Revlon's Colorstay line is one of the better-known and usually better-performing options at the drugstore. Unfortunately this foundation (which was reformulated in 2015) is not among them!
This lotion-like foundation is difficult to apply, and it takes quite a bit of blending to keep it from looking streaky on your face. Once on, it provides medium coverage that lasts. It takes makeup remover—a pretty good amount of it!—to totally remove this. You can take the "Colorstay" name literally!
The pitch from Revlon is that this foundation can last up to 24 hours, but the finish isn't something you would want to wear for more than two hours, and no one should keep makeup on overnight anyway.
Although this is claimed to be made for dry skin, the formula isn't moisturizing; instead, it looks almost powdery once set. It also emphasizes fine lines and wrinkles, which is always a bad thing.
This does provide SPF 20 sun protection with a mineral-only sunscreen base, but SPF 20 is below what medical and regulatory boards around the world recommend (SPF 30 or greater is preferred), so you won't be able to rely on this as your sole source of sun protection.
Another note: While you can't smell it, this contains fragrant plant extracts like orchid extract, as well as the fragrance ingredient ethylene brassylate. Though they aren't here in a large amount, they still have the potential to sensitize skin, which is not what any skin type needs.
Despite its "staying power," this foundation from Revlon is not one we recommend. There are far better options on our list of Best Foundations With Sunscreen.
Strengths: Superior foundations with sunscreen and each of them provide sufficient UVA protection (though one has a disappointing SPF 6); several outstanding concealers and powders; one of the best cream blushes around; great cream eyeshadow and liquid eyeliner; a beautiful selection of elegant lipsticks, lip gloss, and lipliner; some worthwhile specialty products.
Weaknesses: Average eye and brow pencils; inaccurate claims surrounding their Botafirm complex; mostly average to disappointing mascaras.

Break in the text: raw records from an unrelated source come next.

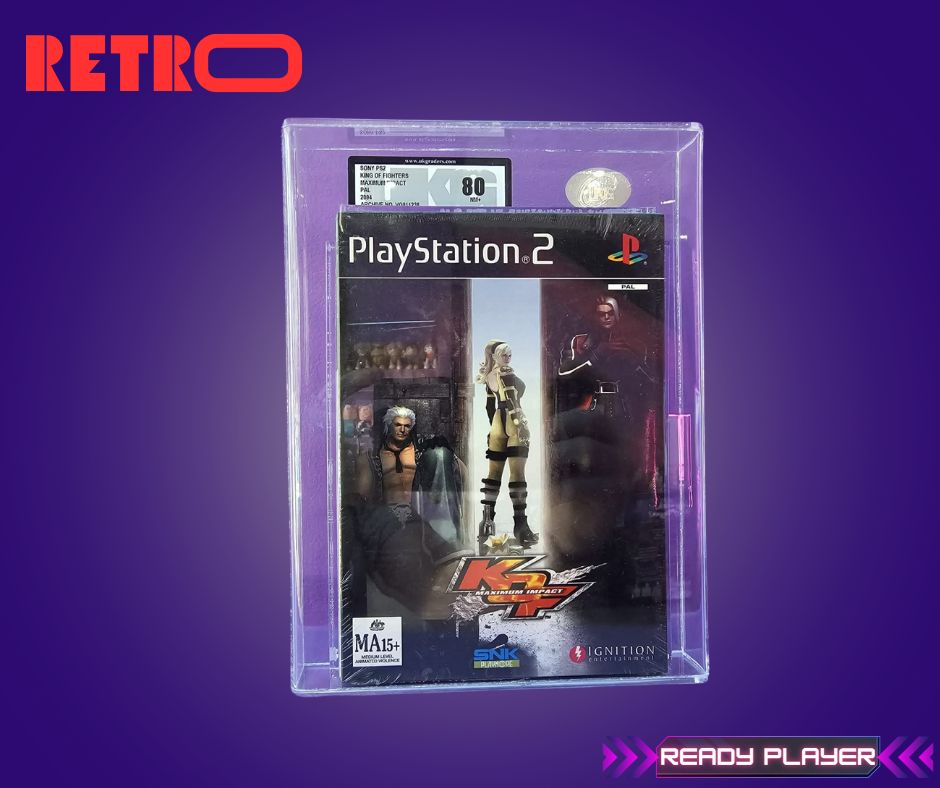 Step into the fast-paced world of The King of Fighters with this UKG 8.0 graded copy of KOF: Maximum Impact for PlayStation 2. Encased and authenticated by UK Graders, this collectible edition preserves SNK’s stylish 3D fighting game in excellent condition—perfect for fans of the franchise and collectors of rare PS2 titles.
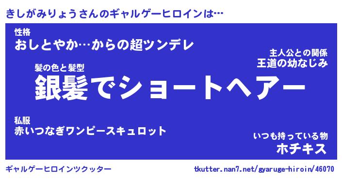 女子向けラノベタイトル風あだ名 | 『きしがみりょう姫と円卓の騎士』 |
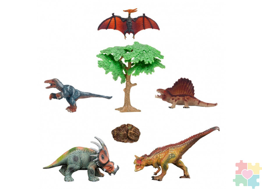 Динозавры и драконы для детей серии "Мир динозавров": птеродактиль, диметродон, акрокантозавр, троодон, стиракозавр (набор фигурок из 7 предметов)
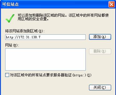 3、 单击“站点”弹出下一个窗口,在地址栏中输入http://172.31.138.7 然后单击“添加”。(注意,添加前将含有https:的那行文字前的勾取消);
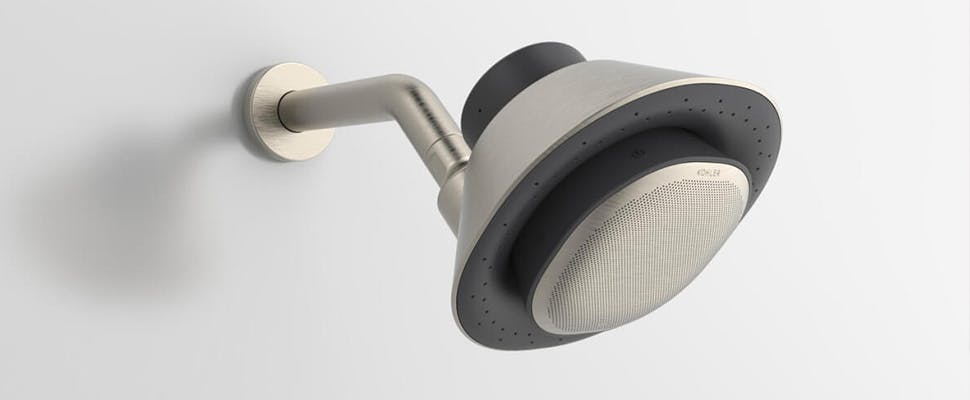 Het speakergedeelte wordt magnetisch vastgezet in het midden van de douchekop, die de naam Moxie draagt. Daar omheen zit de ring waar het water uitkomt. Uiteraard is de speaker voor dit doeleinde waterdicht gemaakt. Voor het geluid sloeg Kohler de handen ineen met audio-expert Harman Kardon. Muziek is afkomstig van een gekoppeld bluetooth-apparaat, zoals je smartphone.
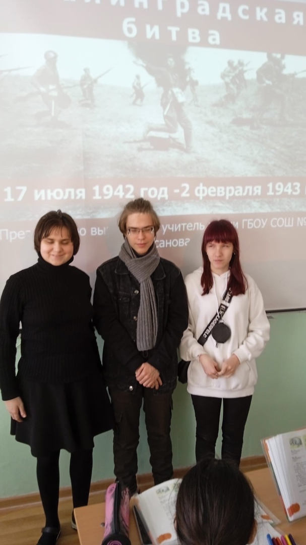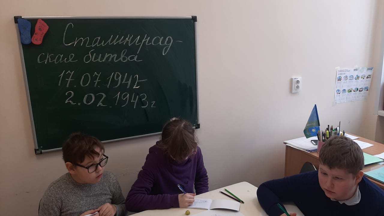 Так, в 5 В прошел классный час, посвященной Сталинградской битве. фото
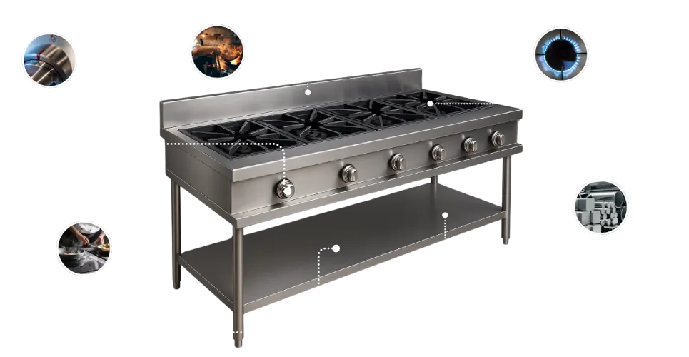 Estufas industriales, campanas, parrillas, mesas y mobiliario en acero inoxidable.
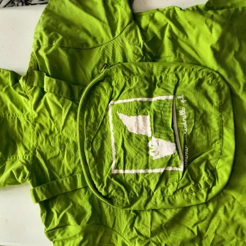 Es una chamarrita para niño en excelentes condiciones, tiene bolsa en la parte de atrás que se puede utilizar para llevar tus cosas además que al quitarte la chamarra la puedes guardar en la bolsa que ya trae incluida, está increíble.
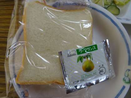 主菜は「大麦と野菜のスープ」で、副菜に「コーンサラダ」「チキンナゲット」がつきました。スライスパンには、ラ・フランスのジャムを塗って食べました。
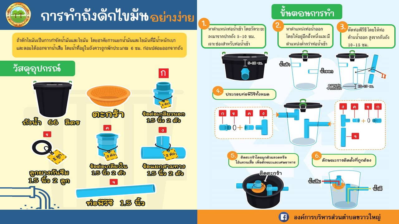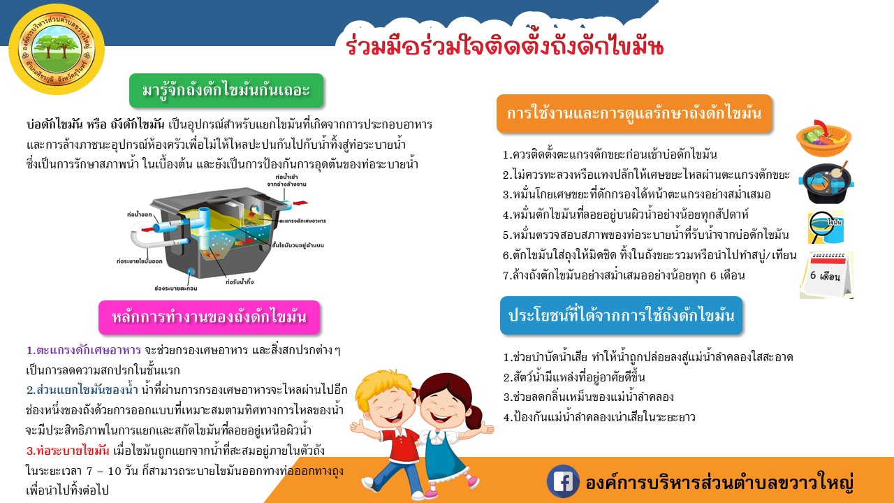 ชื่อเรื่อง : ประชาสัมพันธ์รณรงค์ให้ประชาชน โรงเรียน ตลาด ร้านอาหาร และโรงแรมติดตั้งบ่อดักไขมันในอาคาร
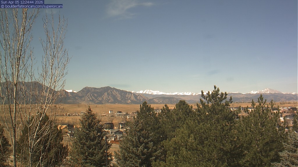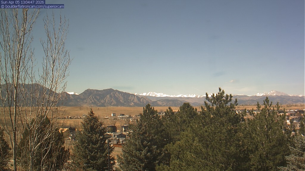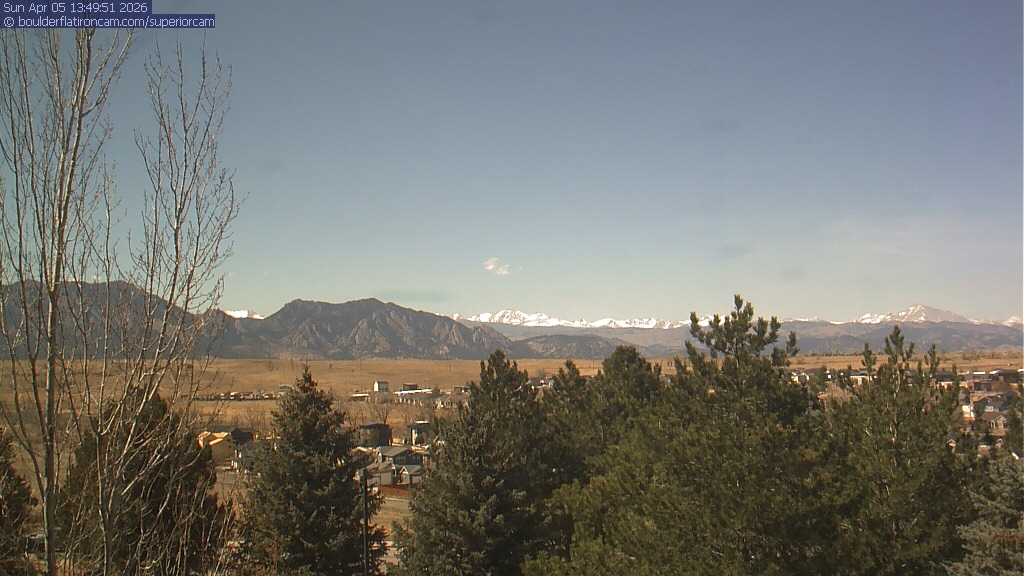The Superior cam has a view to the northwest over Boulder, the Flatirons, Indian Peaks and Long’s Peak.   The Coal Creek trail is visible in the foreground with old town Superior.
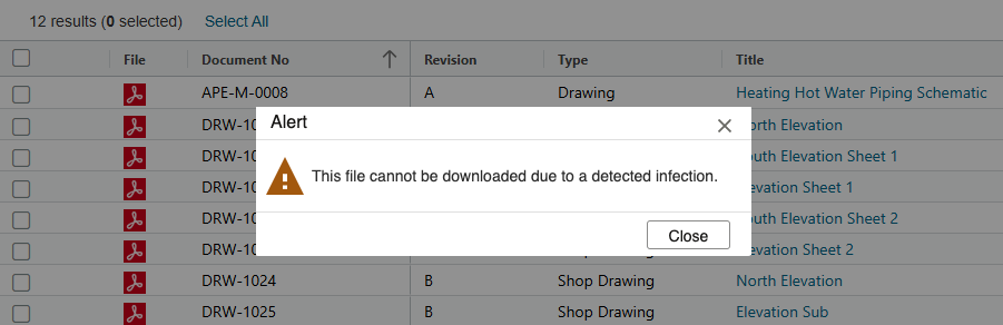 If Aconex detects that a file in your project is corrupt or infected, it will isolate it to prevent it from being downloaded or shared. Isolated files cannot be retrieved. For example, if you try to download an infected file, you'll see a message that the file is infected and cannot be downloaded. If you zip download multiple files, any infected files detected in the zip will be replaced with a text file to advise it cannot be downloaded.
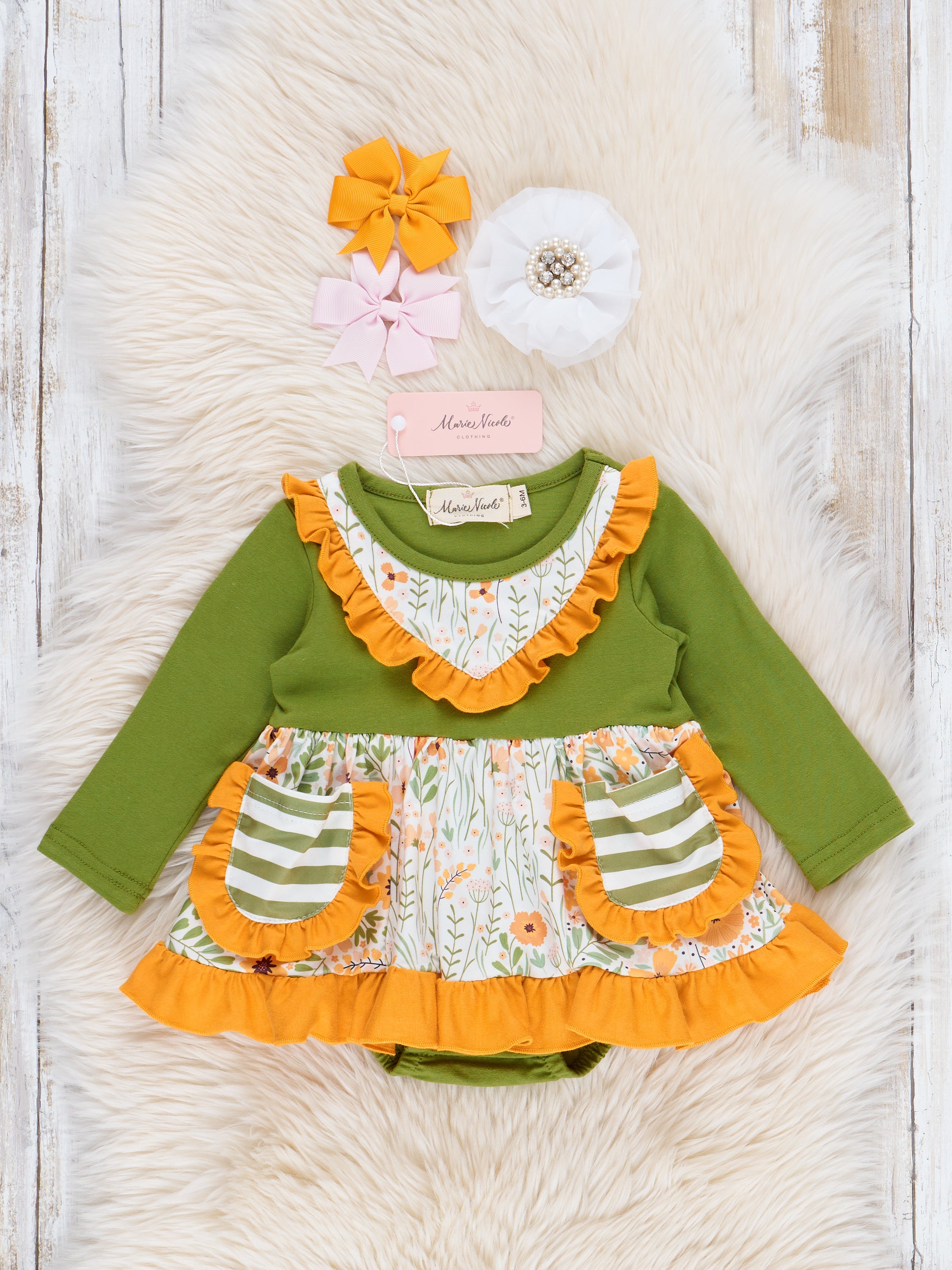 Pocket Flara Peplum Ruffle Bubble - Sunflower

It may surprise some of you to know that Revlon has been around since 1932, when the company launched a unique nail polish that used pigments instead of dyes. Lipsticks followed years later, and then a full line of cosmetics, which is how we know Revlon today. Although the company has had its continual share of ups and downs over the years (largely due to out-of-control debt coupled with aggressive spending), the line has recently made numerous improvements, especially in the realms of foundations, powders, eyeshadows, and mascaras. If their goal was to close the competitive gap between themselves and L'Oreal, for the most part they have succeeded. Revlon definitely has the edge for foundations with reliable sunscreens. But despite Revlon's attempt to improve their mascara range, L'Oreal remains the clear winner (as well as L'Oreal-owned Maybelline
Revlon's vast selection of makeup is divided into three main brands: Age Defying for the forty-something and older woman concerned about wrinkles, ColorStay for the teen to mid-thirties woman concerned about keeping oily skin in check and making sure her makeup stays put, and PhotoReady for women of all ages. These brands present some outstanding options and include products for all skin types (although the range of skin tones is not as well-represented here as it is by L'Oreal).
An intriguing fact is that the longevity claims for ColorStay are quite accurate: this collection of products really does offer extraordinary staying power. Conversely, Revlon jumped on the works-like-Botox bandwagon with their Age Defying range, going so far as to name their antiwrinkle complex Botafirm. Is there any confusion about what that term is supposed to relate to? Despite the claims, Botafirm won't reduce expression lines or control the muscles that cause them, though the products themselves do have many impressive qualities.
Note:Revlon is categorized as one that tests on animals because their products are sold in China. Although Revlon may not conduct animal testing for their products sold elsewhere, the Chinese government requires imported cosmetics be tested on animals, so foreign companies retailing there must comply. This requirement is why some brand’s state that they don’t test on animals “unless required by law”. Animal rights organizations consider cosmetic companies retailed in China to be brands that test on animals, and so does the Beautypedia Team.
Suffice it to say, Revlon has more commendable products than ever before, and although they rely heavily on celebrity spokespersons, their best products ably speak for themselves.